E-Case

JACC

Lots of interesting abstracts and cases were submitted for TCTAP 2023. Below are the accepted ones after a thorough review by our official reviewers. Don¡¯t miss the opportunity to expand your knowledge and interact with authors as well as virtual participants by sharing your opinion in the comment section!

TCTAP C-154

Successful Mechanical Thrombectomy Using Rotarex System for May-Thurner Syndrome Extensive Thrombosis: A Case Report

By Patrick Nuique Vera Cruz, Princess Jeanne Jainar Santillan, Ronald Santos, Timothy Dy, Alyssa Santos

Presenter

Princess Jeanne Jainar Santillan

Authors

Patrick Nuique Vera Cruz1, Princess Jeanne Jainar Santillan1, Ronald Santos1, Timothy Dy2, Alyssa Santos3

Affiliation

St. Luke's Medical Center, Philippines1, Chinese General Hospital, Philippines2, St Luke\'s Medical Center Qc, Philippines3,
View Study Report
TCTAP C-154
ENDOVASCULAR - Peripheral Vascular Disease and Intervention

Successful Mechanical Thrombectomy Using Rotarex System for May-Thurner Syndrome Extensive Thrombosis: A Case Report

Patrick Nuique Vera Cruz1, Princess Jeanne Jainar Santillan1, Ronald Santos1, Timothy Dy2, Alyssa Santos3

St. Luke's Medical Center, Philippines1, Chinese General Hospital, Philippines2, St Luke\'s Medical Center Qc, Philippines3,

Clinical Information

Patient initials or Identifier Number

MJV

Relevant Clinical History and Physical Exam

The patient is a 49-year-old female without known co-morbidities who sought consult due to entire left leg pain aggravated by walking and relieved by rest that started three days prior to admission and became persistent.Past medical history: Previous deep venous thrombosis of the left leg treated with an unrecalled blood thinner.On examination, the left leg was overtly larger than the right with tenderness of the thigh and calf area. Peripheral arterial pulses were full.

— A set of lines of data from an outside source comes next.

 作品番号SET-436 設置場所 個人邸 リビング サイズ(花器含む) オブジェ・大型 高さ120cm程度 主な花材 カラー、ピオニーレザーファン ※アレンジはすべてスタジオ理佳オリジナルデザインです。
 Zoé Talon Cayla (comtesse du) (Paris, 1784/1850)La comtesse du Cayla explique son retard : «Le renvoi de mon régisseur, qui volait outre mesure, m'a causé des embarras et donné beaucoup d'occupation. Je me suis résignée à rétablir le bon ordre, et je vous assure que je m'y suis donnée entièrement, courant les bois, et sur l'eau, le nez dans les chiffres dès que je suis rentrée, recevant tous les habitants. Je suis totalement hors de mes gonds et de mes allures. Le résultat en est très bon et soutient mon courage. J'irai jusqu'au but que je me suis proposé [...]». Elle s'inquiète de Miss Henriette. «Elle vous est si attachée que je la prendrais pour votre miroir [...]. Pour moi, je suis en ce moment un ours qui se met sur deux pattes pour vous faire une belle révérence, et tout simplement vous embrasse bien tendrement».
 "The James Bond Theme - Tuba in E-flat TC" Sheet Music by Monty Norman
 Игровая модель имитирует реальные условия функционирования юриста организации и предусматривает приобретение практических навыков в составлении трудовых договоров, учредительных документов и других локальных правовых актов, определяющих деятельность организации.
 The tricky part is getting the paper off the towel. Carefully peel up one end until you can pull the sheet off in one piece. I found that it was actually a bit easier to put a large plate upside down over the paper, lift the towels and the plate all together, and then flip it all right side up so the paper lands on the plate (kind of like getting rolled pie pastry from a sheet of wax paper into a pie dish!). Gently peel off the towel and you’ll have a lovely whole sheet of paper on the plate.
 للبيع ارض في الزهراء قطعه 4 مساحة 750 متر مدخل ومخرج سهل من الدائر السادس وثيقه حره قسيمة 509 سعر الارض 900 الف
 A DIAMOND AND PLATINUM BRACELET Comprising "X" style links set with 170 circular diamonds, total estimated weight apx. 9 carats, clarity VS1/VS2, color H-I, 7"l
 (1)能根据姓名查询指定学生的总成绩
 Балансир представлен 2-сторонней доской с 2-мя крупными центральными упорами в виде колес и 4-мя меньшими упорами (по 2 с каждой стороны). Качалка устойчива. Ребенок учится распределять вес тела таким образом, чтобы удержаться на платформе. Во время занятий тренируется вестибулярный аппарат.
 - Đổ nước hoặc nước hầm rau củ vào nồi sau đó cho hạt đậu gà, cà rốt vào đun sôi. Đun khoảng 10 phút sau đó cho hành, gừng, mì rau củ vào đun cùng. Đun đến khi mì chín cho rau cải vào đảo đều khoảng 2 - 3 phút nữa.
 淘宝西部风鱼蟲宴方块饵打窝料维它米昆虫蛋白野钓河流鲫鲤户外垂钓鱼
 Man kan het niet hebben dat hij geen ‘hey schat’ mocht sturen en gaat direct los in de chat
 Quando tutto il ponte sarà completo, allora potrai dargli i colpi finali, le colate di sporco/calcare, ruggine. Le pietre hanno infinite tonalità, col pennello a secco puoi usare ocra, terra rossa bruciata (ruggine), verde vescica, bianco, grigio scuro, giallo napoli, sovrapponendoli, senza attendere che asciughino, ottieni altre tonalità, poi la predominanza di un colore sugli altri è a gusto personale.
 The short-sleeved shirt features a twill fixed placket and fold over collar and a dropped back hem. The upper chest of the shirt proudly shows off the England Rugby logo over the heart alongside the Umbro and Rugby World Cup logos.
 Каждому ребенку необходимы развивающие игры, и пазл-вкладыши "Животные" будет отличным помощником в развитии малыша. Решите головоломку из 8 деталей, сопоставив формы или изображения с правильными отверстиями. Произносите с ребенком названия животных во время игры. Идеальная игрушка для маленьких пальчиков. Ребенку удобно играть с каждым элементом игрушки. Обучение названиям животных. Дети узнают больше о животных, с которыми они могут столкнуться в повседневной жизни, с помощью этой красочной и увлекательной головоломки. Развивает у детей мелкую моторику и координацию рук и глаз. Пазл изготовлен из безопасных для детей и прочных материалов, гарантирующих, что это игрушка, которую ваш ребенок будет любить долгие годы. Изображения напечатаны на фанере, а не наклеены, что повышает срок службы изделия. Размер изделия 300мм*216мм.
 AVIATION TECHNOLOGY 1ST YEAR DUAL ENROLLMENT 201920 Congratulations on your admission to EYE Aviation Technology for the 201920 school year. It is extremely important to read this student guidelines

Relevant Test Results Prior to Catheterization

Venous Compression Test of the lower extremities showed:Extensive acute deep vein thrombosis totally occluding the left common iliac, proximal external iliac, distal external iliac, common femoral, femoral, deep femoral, popliteal and gastrocnemius veins.
Venous Phase of Abdominal Aorta CT scan showed:Compression of the left common iliac vein by the right common iliac artery consistent with May-Thurner syndrome with secondary acute thrombophlebitis in the left common iliac vein and tributaries

Relevant Catheterization Findings

The left common iliac vein to left external iliac vein showed venous stasis with high thrombus burden and approximately 70-80% at the mid segment of the left common iliac vein.

Interventional Management

Procedural Step

First, an IVC Filter was positioned and deployed at the infra-renal inferior vena cava and implanted at the L2-L3 level through a right femoral vein access.

Several attempts to advance an introducer wire and guiding catheter were done with difficulty due to the thrombus-filled left common iliac vein. Hence, ultrasound-guided access to the left femoral vein was made. The V18 guidewire was then inserted and advanced up to the left common iliac vein. An IMA 6F guiding catheter was then inserted over the wire and advanced into the right common femoral vein. The V18 wire was then ensared using a makeshift snare that was made from another V18 wire and the JR4 catheter which was used as the shaft. Both the IMA catheter and V18 wire were pulled into the right vascular sheath and wire countertraction was done, forming a body floss which was used as a rail for the Rotarex catheter. Mechanical thrombectomy of the left common iliac to the left external iliac vein was then done using a Straub Medical/BD Rotarex 6F mechanical atherectomy catheter. The left common iliac to external iliac vein was then visualized which showed a thrombus-filled vessel severe and severe stenosis (70-80%) at the mid left common iliac vein. Then, a Medtronic Protege self-expanding stent was then deployed at the left common iliac vein followed by another self-expanding stent at the mid left common iliac vein overlapping the distal edge of the first stent. Repeat thrombectomy was then done inside the deployed stents.

Case Summary

The case report shows that mechanical thrombectomy using Rotarex System may be an effective therapeutic maneuver for managing extensive thrombosis in May-Thurner Syndrome and inserting an IVC filter for this purpose is intuitive to decrease the chances of complications from escaped emboli. Furthermore, a 'body floss' from two V18 guidewires can be created and seems to be effective to be used as rails for the Rotarex System especially when encountering a left common iliac vein thrombus that is difficult to penetrate. Lastly, self-expanding stents provide greater radial strength and may be ideal for May-Thurner Syndrome Common Iliac Vein compression.